What the exercise asks: The following data needs to be repeated exactly, with all images excluded.

Data supplied:
┄┄┄┄┄┄

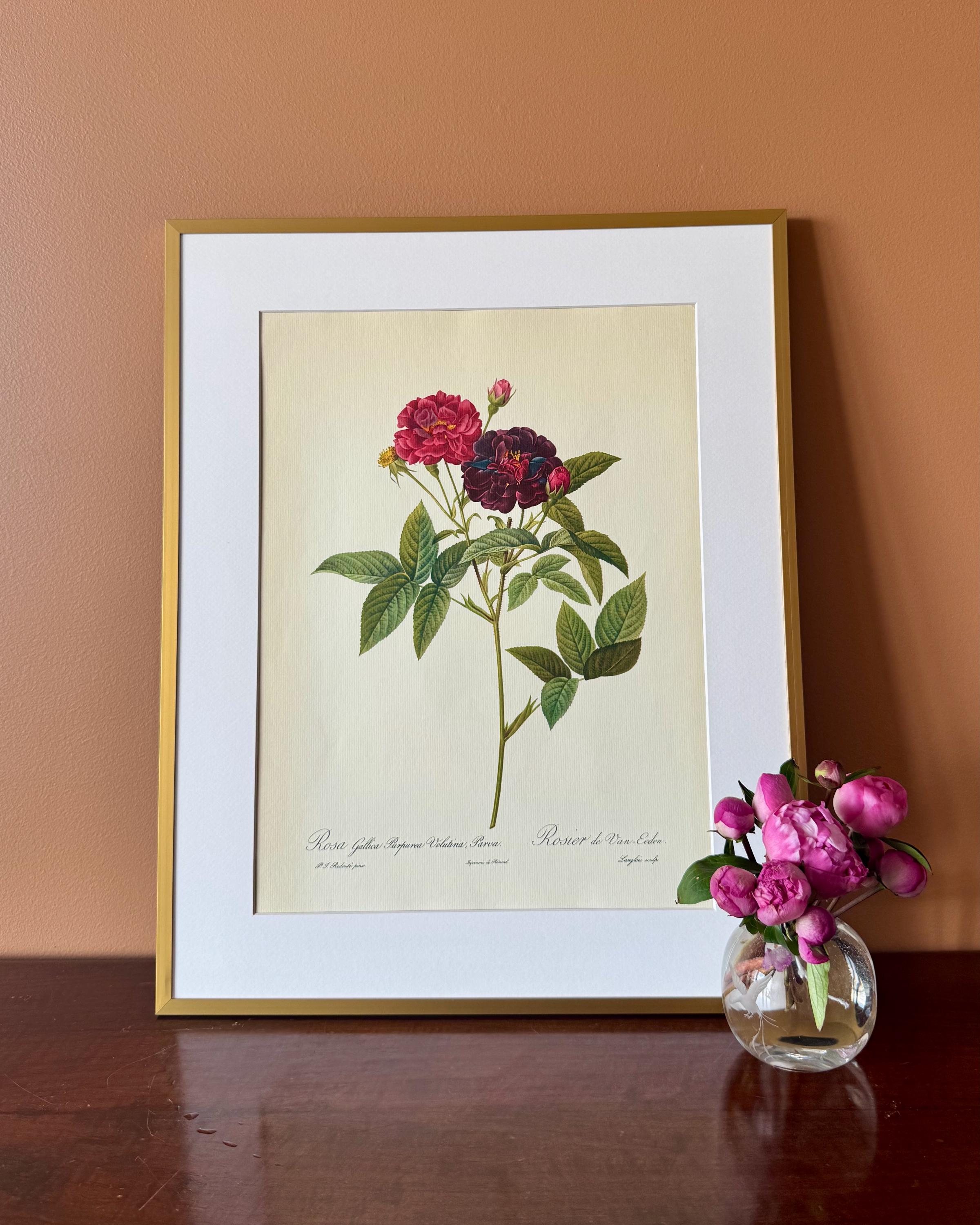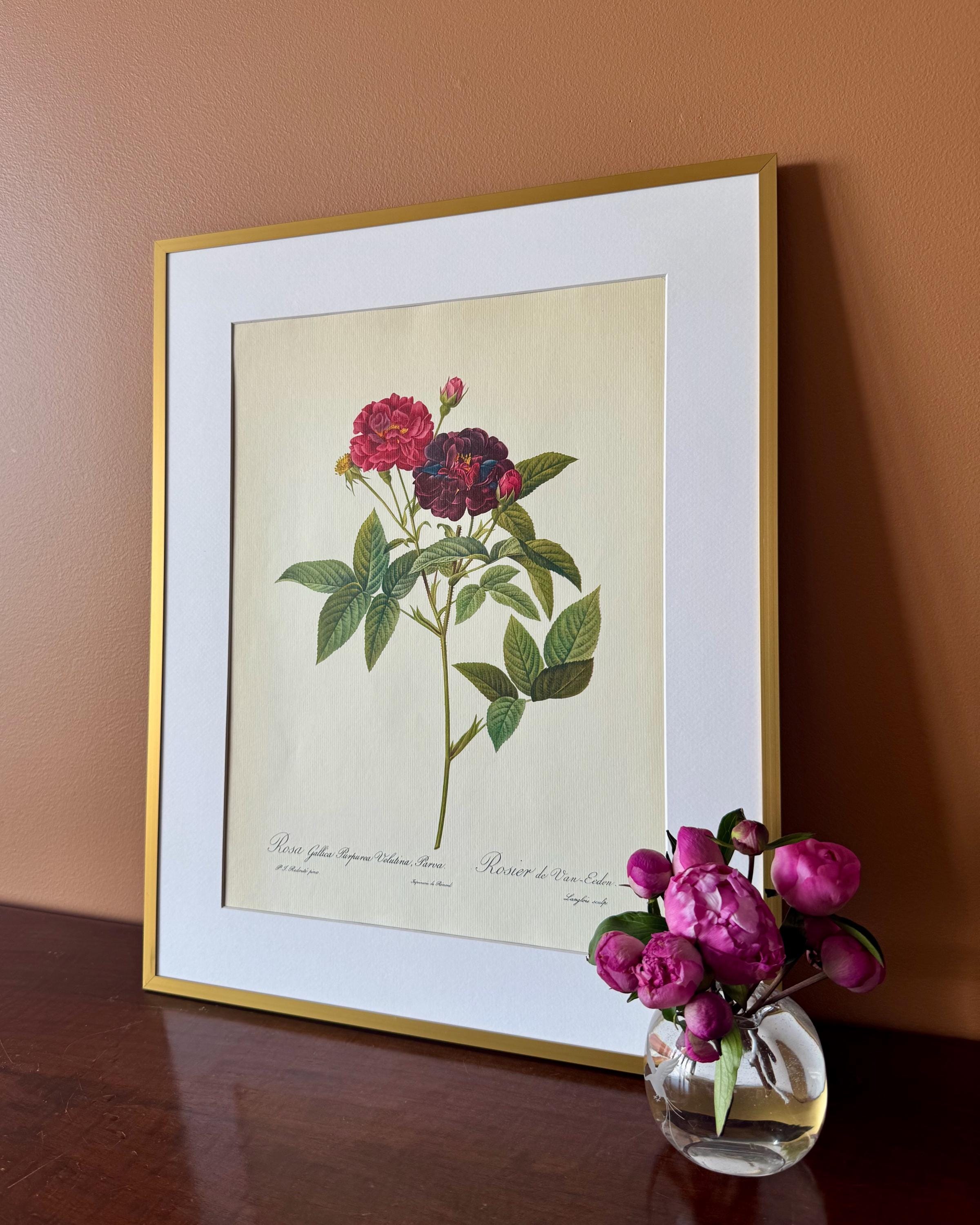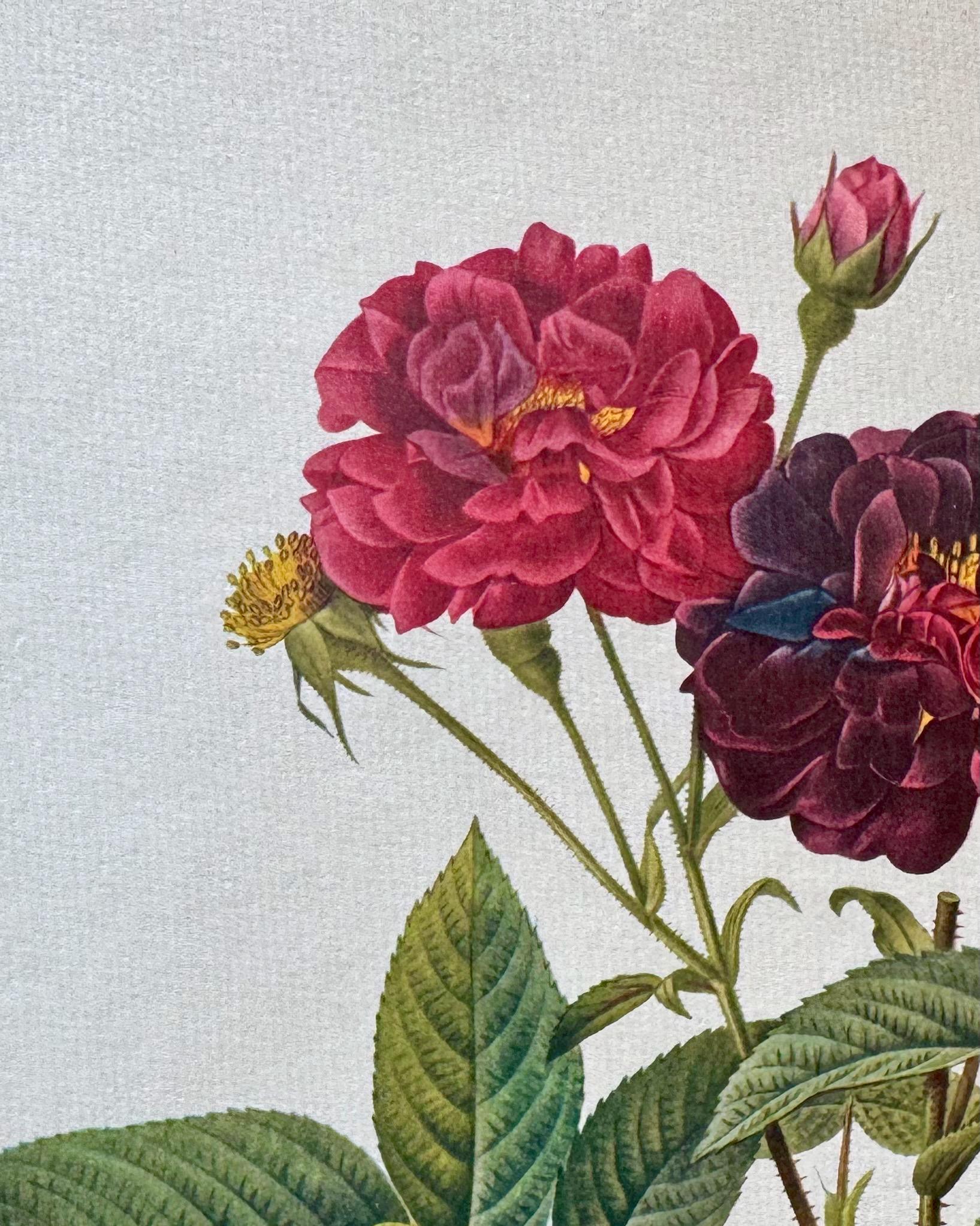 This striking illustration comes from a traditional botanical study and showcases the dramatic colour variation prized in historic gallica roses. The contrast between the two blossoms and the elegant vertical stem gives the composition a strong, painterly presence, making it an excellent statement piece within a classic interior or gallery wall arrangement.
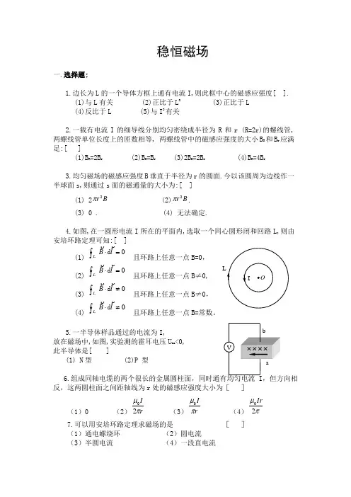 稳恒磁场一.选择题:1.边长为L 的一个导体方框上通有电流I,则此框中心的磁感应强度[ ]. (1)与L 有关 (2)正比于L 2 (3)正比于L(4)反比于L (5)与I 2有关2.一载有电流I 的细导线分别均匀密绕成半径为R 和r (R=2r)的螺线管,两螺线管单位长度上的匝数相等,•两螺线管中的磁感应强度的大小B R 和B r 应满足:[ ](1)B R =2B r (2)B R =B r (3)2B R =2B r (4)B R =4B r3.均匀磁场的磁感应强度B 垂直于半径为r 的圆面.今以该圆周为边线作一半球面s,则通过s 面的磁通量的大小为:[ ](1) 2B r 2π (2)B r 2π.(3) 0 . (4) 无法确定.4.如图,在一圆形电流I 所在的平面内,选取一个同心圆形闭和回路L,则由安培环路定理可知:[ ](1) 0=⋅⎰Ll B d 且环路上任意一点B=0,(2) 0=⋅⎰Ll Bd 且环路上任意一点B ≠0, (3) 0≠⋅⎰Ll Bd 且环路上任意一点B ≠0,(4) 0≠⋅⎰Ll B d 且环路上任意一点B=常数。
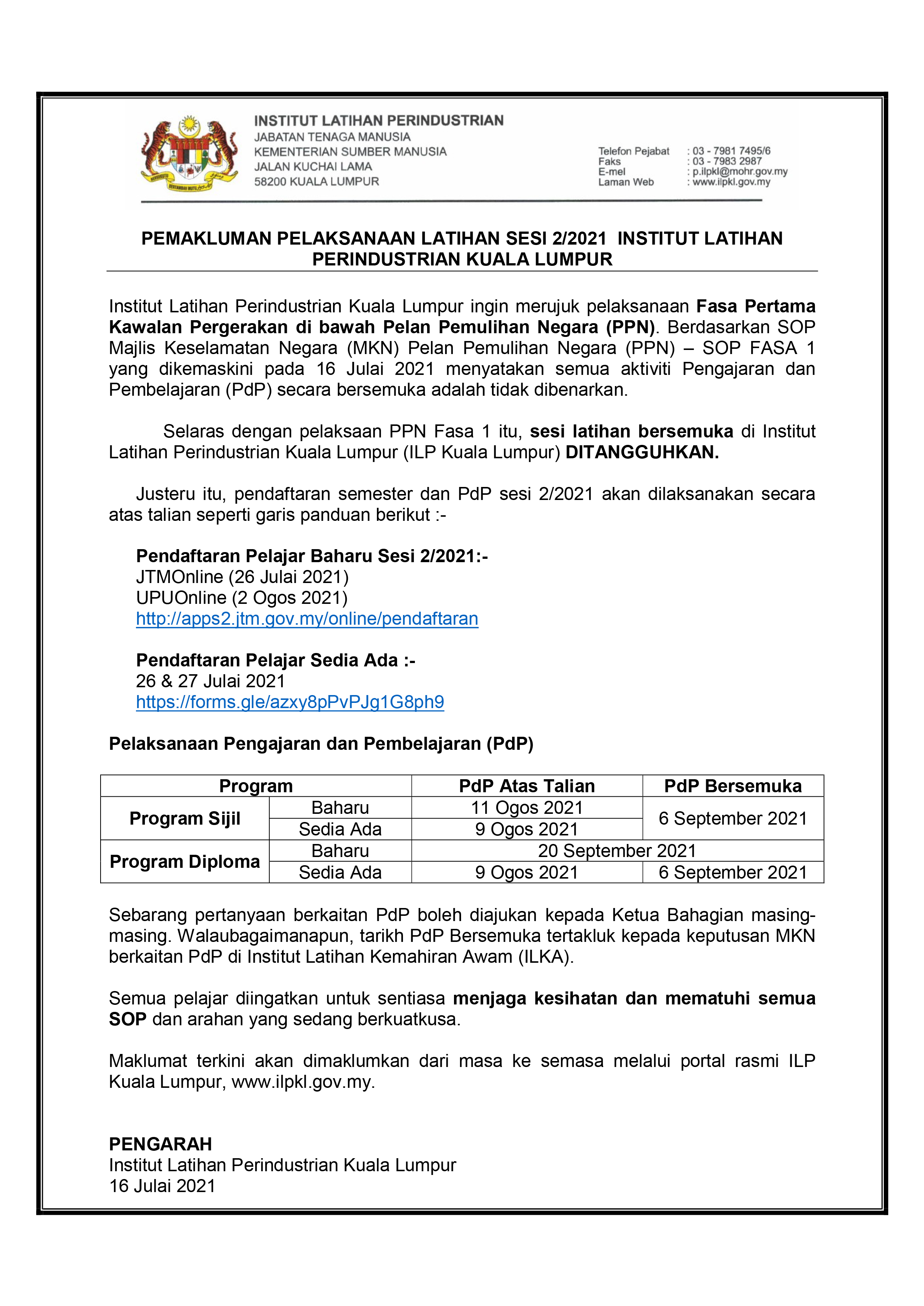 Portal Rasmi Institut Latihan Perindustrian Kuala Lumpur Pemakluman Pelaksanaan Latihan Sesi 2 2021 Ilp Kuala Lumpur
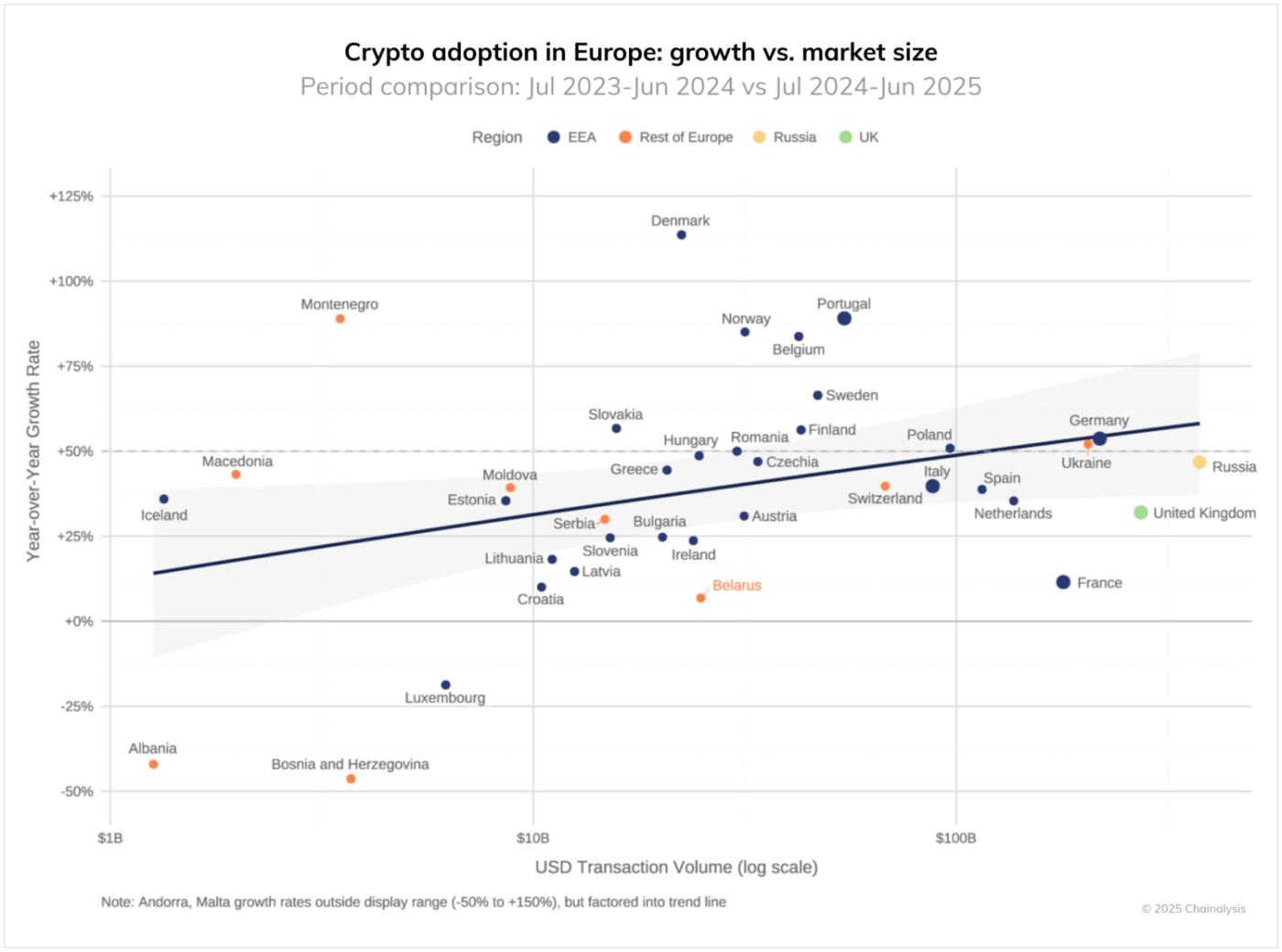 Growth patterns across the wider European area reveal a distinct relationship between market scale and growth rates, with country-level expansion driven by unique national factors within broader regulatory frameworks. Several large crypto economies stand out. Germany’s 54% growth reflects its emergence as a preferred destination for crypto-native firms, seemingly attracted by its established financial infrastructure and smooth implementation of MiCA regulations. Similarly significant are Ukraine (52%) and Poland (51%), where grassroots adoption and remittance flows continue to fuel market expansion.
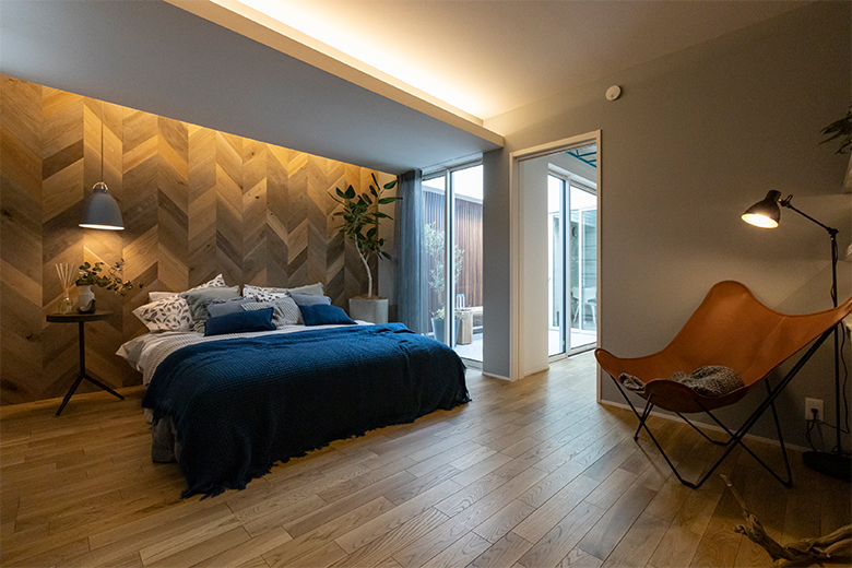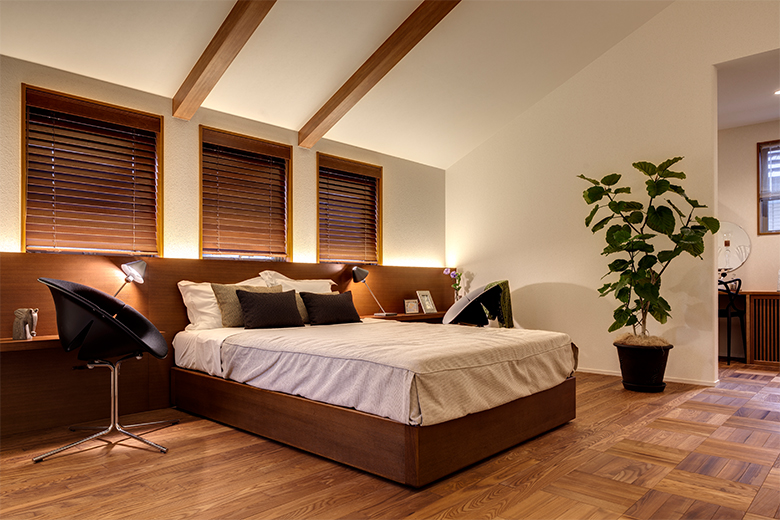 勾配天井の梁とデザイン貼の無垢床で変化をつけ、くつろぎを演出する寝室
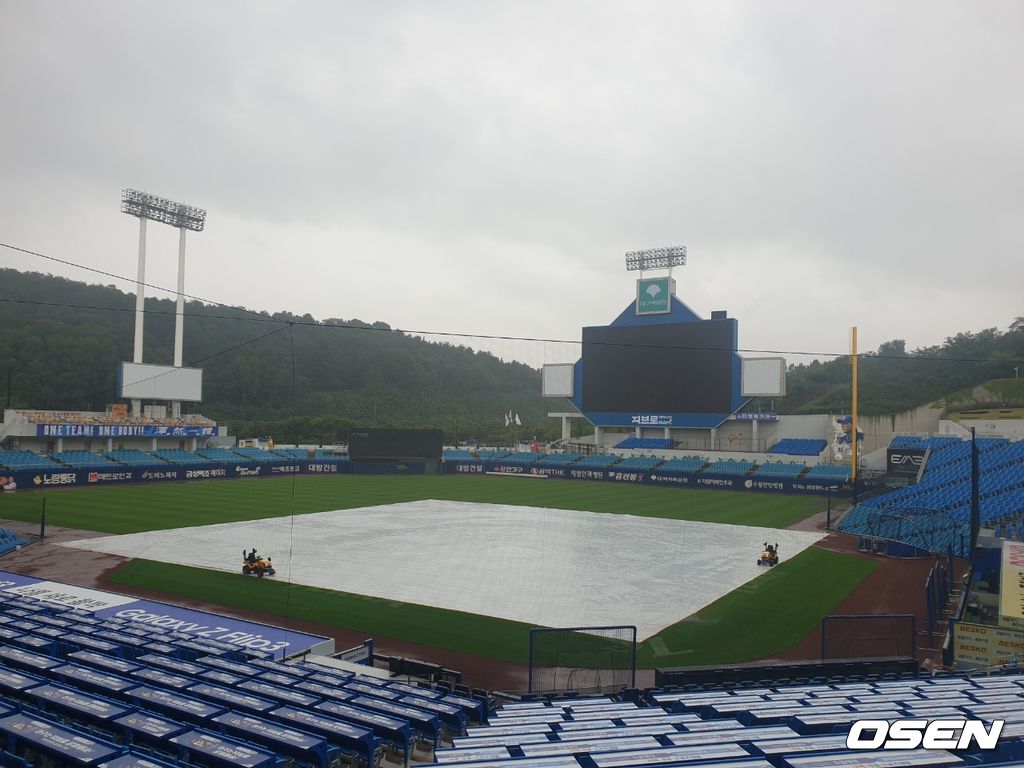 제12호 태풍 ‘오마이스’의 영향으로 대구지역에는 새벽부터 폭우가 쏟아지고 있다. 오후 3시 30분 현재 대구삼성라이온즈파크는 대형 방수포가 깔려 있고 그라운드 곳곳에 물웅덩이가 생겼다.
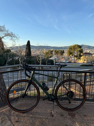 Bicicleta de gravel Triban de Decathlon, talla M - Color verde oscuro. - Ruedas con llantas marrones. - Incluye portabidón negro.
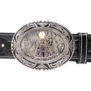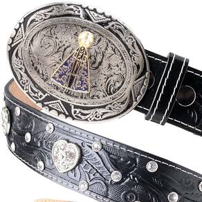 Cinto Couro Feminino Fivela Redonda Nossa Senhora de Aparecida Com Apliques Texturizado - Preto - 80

┄┄┄┄┄┄

Exercise solution:
 This striking illustration comes from a traditional botanical study and showcases the dramatic colour variation prized in historic gallica roses. The contrast between the two blossoms and the elegant vertical stem gives the composition a strong, painterly presence, making it an excellent statement piece within a classic interior or gallery wall arrangement.
 稳恒磁场一.选择题:1.边长为L 的一个导体方框上通有电流I,则此框中心的磁感应强度[ ]. (1)与L 有关 (2)正比于L 2 (3)正比于L(4)反比于L (5)与I 2有关2.一载有电流I 的细导线分别均匀密绕成半径为R 和r (R=2r)的螺线管,两螺线管单位长度上的匝数相等,•两螺线管中的磁感应强度的大小B R 和B r 应满足:[ ](1)B R =2B r (2)B R =B r (3)2B R =2B r (4)B R =4B r3.均匀磁场的磁感应强度B 垂直于半径为r 的圆面.今以该圆周为边线作一半球面s,则通过s 面的磁通量的大小为:[ ](1) 2B r 2π (2)B r 2π.(3) 0 . (4) 无法确定.4.如图,在一圆形电流I 所在的平面内,选取一个同心圆形闭和回路L,则由安培环路定理可知:[ ](1) 0=⋅⎰Ll B d 且环路上任意一点B=0,(2) 0=⋅⎰Ll Bd 且环路上任意一点B ≠0, (3) 0≠⋅⎰Ll Bd 且环路上任意一点B ≠0,(4) 0≠⋅⎰Ll B d 且环路上任意一点B=常数。
 Portal Rasmi Institut Latihan Perindustrian Kuala Lumpur Pemakluman Pelaksanaan Latihan Sesi 2 2021 Ilp Kuala Lumpur
 Growth patterns across the wider European area reveal a distinct relationship between market scale and growth rates, with country-level expansion driven by unique national factors within broader regulatory frameworks. Several large crypto economies stand out. Germany’s 54% growth reflects its emergence as a preferred destination for crypto-native firms, seemingly attracted by its established financial infrastructure and smooth implementation of MiCA regulations. Similarly significant are Ukraine (52%) and Poland (51%), where grassroots adoption and remittance flows continue to fuel market expansion.
 勾配天井の梁とデザイン貼の無垢床で変化をつけ、くつろぎを演出する寝室
 제12호 태풍 ‘오마이스’의 영향으로 대구지역에는 새벽부터 폭우가 쏟아지고 있다. 오후 3시 30분 현재 대구삼성라이온즈파크는 대형 방수포가 깔려 있고 그라운드 곳곳에 물웅덩이가 생겼다.
 Bicicleta de gravel Triban de Decathlon, talla M - Color verde oscuro. - Ruedas con llantas marrones. - Incluye portabidón negro.
 Cinto Couro Feminino Fivela Redonda Nossa Senhora de Aparecida Com Apliques Texturizado - Preto - 80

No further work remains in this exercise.